Noticing any stories that are generated by these phrases.
Any judgments or evaluations.
Just as much as you're able to,
Just letting these go.
Just inclining the mind towards friendliness and kindness to yourself.
Just as you are.
And letting the image of yourself fade away now.
Just letting it fade into the background.
Just touching in with your anchor point.
Inviting you now to bring to mind a neutral person.
So someone that you don't know well.
So it could be maybe a neighbor,
Perhaps a colleague.
Maybe somebody you commute with.
Perhaps that person that you see on the street you've never actually spoken to.
And again,
As much as you're able to,
Just bringing an image of them to mind.
And knowing that just like you,
This person is living a life.
Just like you,
They experience difficulty and joy.
And saying to yourself,
May they be well.
May they be happy.
May they live with lightness and ease in the midst of their life.
May they be well.
May they be happy.
May they live with lightness and ease.
And again,
Noticing any reaction in the mind to this well-wishing.

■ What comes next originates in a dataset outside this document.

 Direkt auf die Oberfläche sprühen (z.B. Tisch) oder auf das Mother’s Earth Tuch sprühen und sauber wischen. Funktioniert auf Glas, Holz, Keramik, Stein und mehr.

Maybe a feeling of puzzlement or confusion.
Again,
Just noticing it and as much as you're able to,
Just letting that go.
Just inclining the mind towards well-wishing to this well-wishing.
Neutral person to this person that you don't know.
Knowing just like you,
They want to be happy and they want to be well.

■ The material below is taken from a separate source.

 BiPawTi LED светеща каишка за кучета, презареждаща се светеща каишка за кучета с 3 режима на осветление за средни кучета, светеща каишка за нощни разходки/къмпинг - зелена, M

Just acknowledging their desire to live with ease and live with kindness.
May they be well.
May they be happy.
May they live with lightness and ease.
And letting the image of this person fade into the background now.
Just touching in with your anchor point.
Just noticing any after effects of this practice.
Noticing any stories in the mind.
Perhaps any emotions.
And noticing any difficulties.
Might notice feelings of openness and acceptance of your experience.
Just resting in the after effects of this well-wishing.
Well-wishing to yourself and to others.
But just noticing your posture.
Acknowledging where the mind is.
And as we now begin to bring this practice to a close.
Just seeing if it's possible to bring this open,
Generous,
Expanded awareness.
To recognize we're part of a wider community of beings who all experience suffering and joy.
Maybe just taking a couple of deep breaths now.
Be having a stretch,
A little bit of movement.
As we bring this practice to a close.